The results of the Type III ANOVA indicate that Physhlth_days, sex, age_group, income, and smoking significantly contribute to the model given that all other variables are already in the model. These predictors make the strongest independent contributions. The chunk tests indicate whether a group of variables adds to the model compared to a reduced model without that group of variables, and in this case, it was found that income but not education contributes significantly to the model. This is important because even if a single variable is not significant in the overall Type III ANOVA, it could still be an important contributor within a group of variables.

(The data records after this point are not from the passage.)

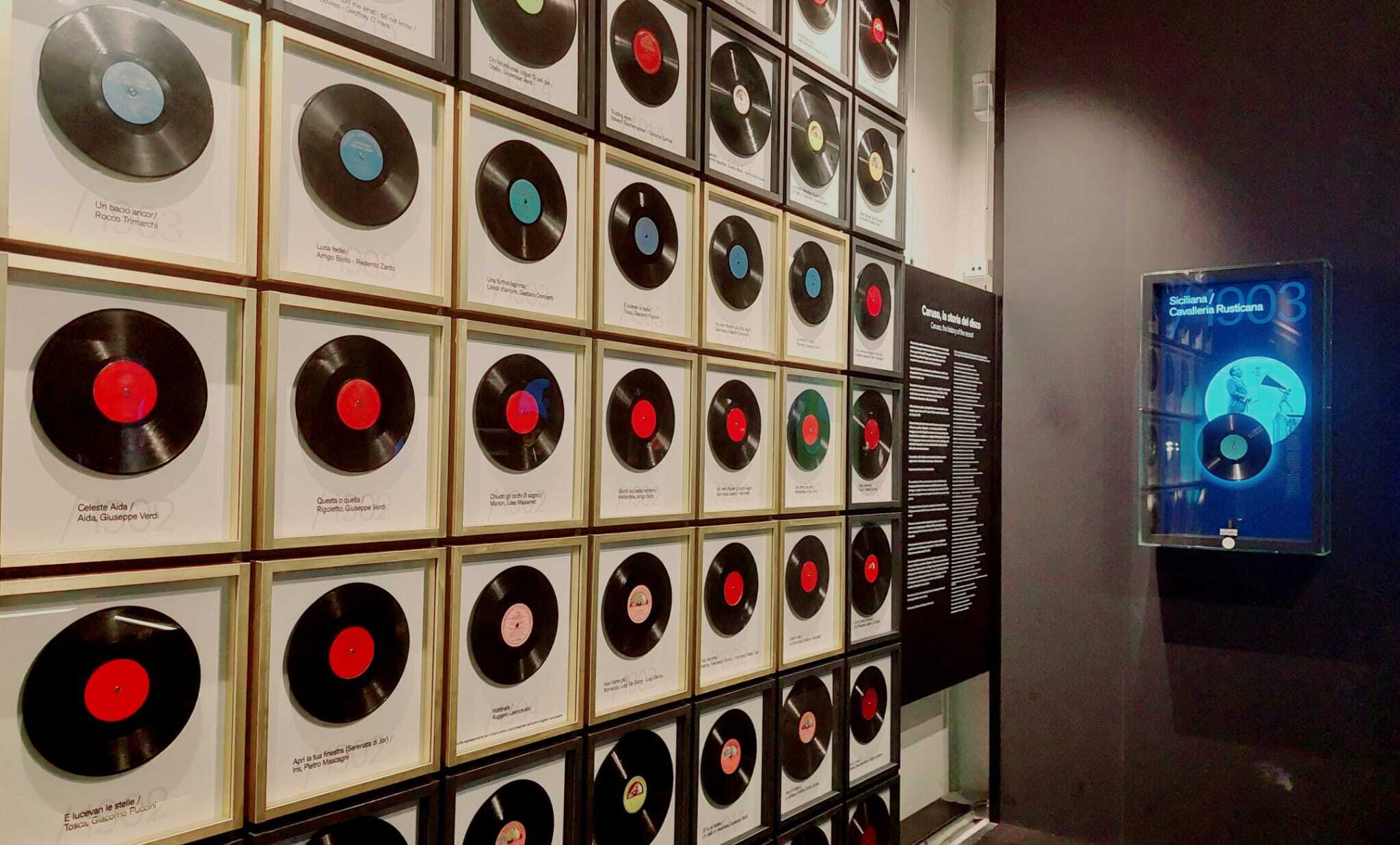 Nella nuova sezione del museo, che riapre il 1° agosto dopo  3 giorni  di  riallestimento, è stata proposta una selezione in cui i dischi più significativi sono evidenziati in cornice dorata: le prime lacche dell’11 aprile 1902 e i rarissimi dischi Zonofono del 19 aprile 1903.
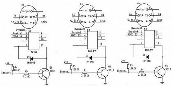 本儀器設計3個通道的二氧化碳傳感器采集,通過3個繼電器來選擇傳感器的通斷。如圖3為繼電器控制電路。
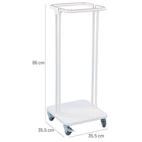 Mobiler Müllbeutelhalter mit geräuscharmem Verschluss des Deckels. Entwickelt für Krankenhäuser, Großküchen, Büros usw. Sehr stabiler Metallrahmen, ausgestattet mit nicht abfärbenden, leisen Rädern mit Kugellagern (2 Räder mit Feststeller). Ausgestattet mit einer cleveren Beutelbefestigung, für perfektes Einsetzen und einfaches Entfernen. Glatte Oberfläche für eine schnelle Reinigung. Mehrere zusammengesetzte Einheiten mit farblich unterschiedlichen Beuteln können eine sehr übersichtliche Mülltrennstation bilden.
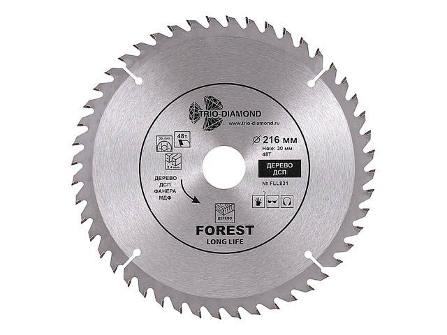 Диск пильный 216х30 мм 48 зубьев TRIO-DIAMOND Forest Long Life (FLL831) предназначен для распила древесины, ДСП, фанеры. Угол заточки 15 градусов. Максимальное число оборотов 7000 RPM. Тип диск пильный Диаметр 216 мм Количество зубьев 48 шт Ширина пропила (зуба) 2,4 мм Форма зуба ATB Максимальное число оборотов 7000 обмин Угол наклона зубьев положительный Передний угол 15 Совместимость пила циркулярная, пила дисковая, пила торцовочная
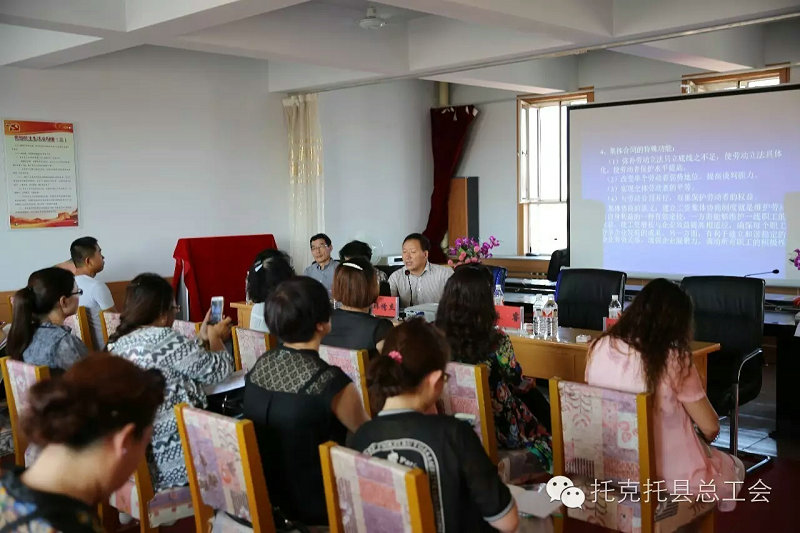 为全面贯彻《呼和浩特市总工会深化集体协商工作规划(2014-2018年)》,加大推进集体协商工作的力度,提升集体协商质量、增强集体合同实效,提高各旗县区总工会及企业工会干部集体协商的能力,呼和浩特市总工会以服务基层,为职工办实事为准则,采取送教上门的方式举办集体协商工作培训班。
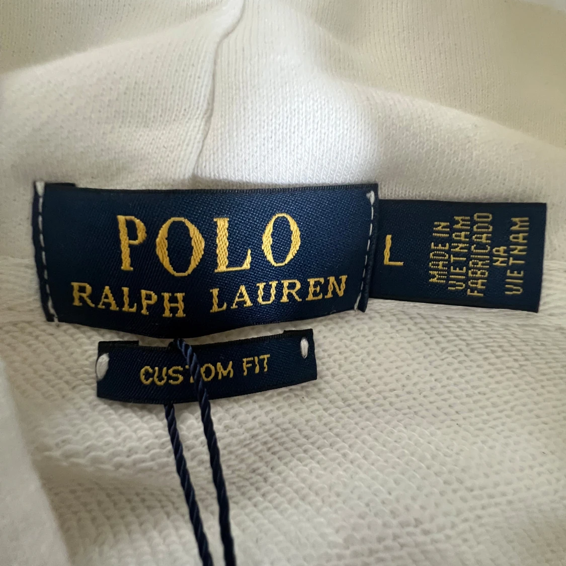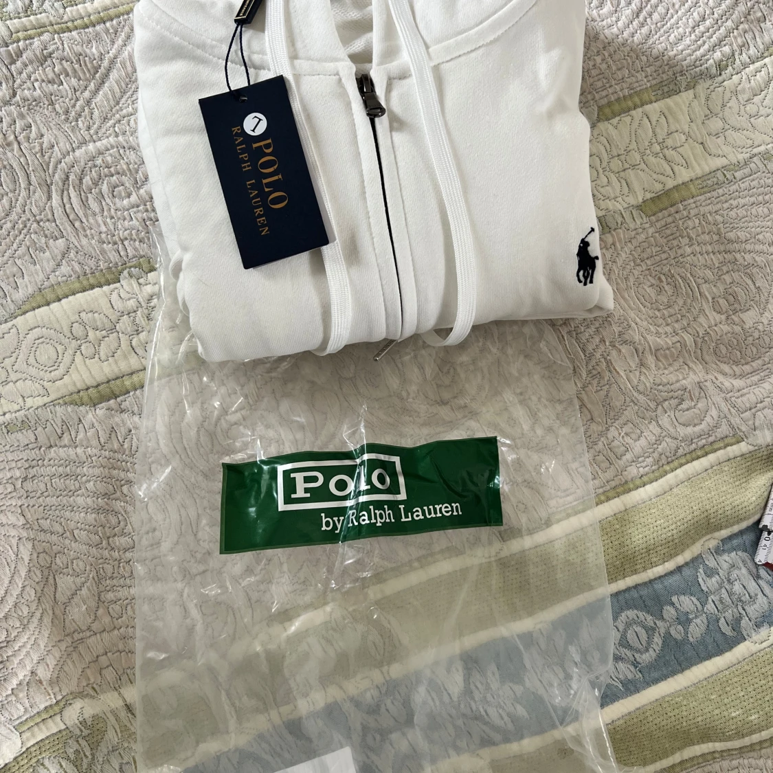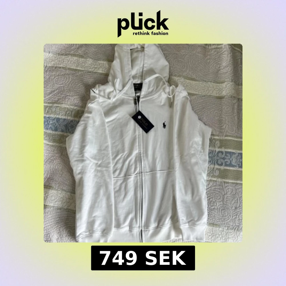 Snygg vit hoodie från Polo Ralph Lauren med dragkedja och huva. Klassisk broderad logga på bröstet och ribbade muddar. Den är endast testats men är för stor för mig… alltså helt ny. Påse och etiket får med. Obs (k@pia)

brfss_analytic <- brfss_analytic %>%
mutate(
smoker_current = case_when(smoking == "Current some-day smoker" ~ 0,
smoking == "Current daily smoker" ~ 0,
smoking == "Former smoker" ~ 1,
smoking == "Never smoker" ~ 1),
smoker_current = factor(smoker_current, levels=0:1, labels =
c("Current smoker",
"Non_smoker")) )
model_A <- lm(menthlth_days ~ physhlth_days + bmi + sex + smoker_current + exercise + age_group + income + education, data = brfss_analytic)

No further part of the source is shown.